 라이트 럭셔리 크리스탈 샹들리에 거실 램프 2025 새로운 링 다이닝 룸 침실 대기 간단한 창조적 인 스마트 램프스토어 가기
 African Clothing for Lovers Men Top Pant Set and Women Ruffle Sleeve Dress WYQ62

────────────────────────────────────────

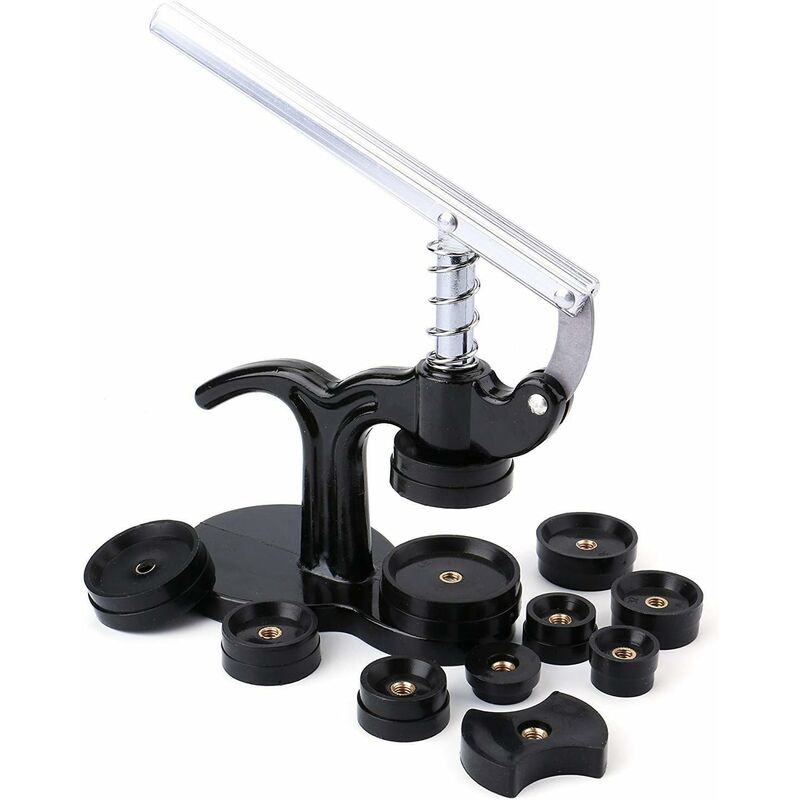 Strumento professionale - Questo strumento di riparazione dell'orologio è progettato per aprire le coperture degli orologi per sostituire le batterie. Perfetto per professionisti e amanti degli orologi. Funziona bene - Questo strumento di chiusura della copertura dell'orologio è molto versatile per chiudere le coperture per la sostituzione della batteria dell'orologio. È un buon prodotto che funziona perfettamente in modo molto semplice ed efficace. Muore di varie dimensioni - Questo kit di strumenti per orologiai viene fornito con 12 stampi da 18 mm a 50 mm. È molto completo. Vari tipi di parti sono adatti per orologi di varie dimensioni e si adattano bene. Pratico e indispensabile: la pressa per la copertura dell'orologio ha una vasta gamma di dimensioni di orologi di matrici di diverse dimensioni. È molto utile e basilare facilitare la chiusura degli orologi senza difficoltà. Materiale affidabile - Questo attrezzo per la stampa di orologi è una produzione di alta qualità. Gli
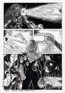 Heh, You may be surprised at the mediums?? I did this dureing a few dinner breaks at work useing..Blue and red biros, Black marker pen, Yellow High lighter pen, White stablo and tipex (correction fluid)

────────────────────────────────────────

BRIEF
Once you find the line with "라이트 럭셔리 크리스탈" in the entries above, output it and each line after it up to and including the line with "African Clothing for", and nothing else.

RESULT FOR THIS TASK
 라이트 럭셔리 크리스탈 샹들리에 거실 램프 2025 새로운 링 다이닝 룸 침실 대기 간단한 창조적 인 스마트 램프스토어 가기
 African Clothing for Lovers Men Top Pant Set and Women Ruffle Sleeve Dress WYQ62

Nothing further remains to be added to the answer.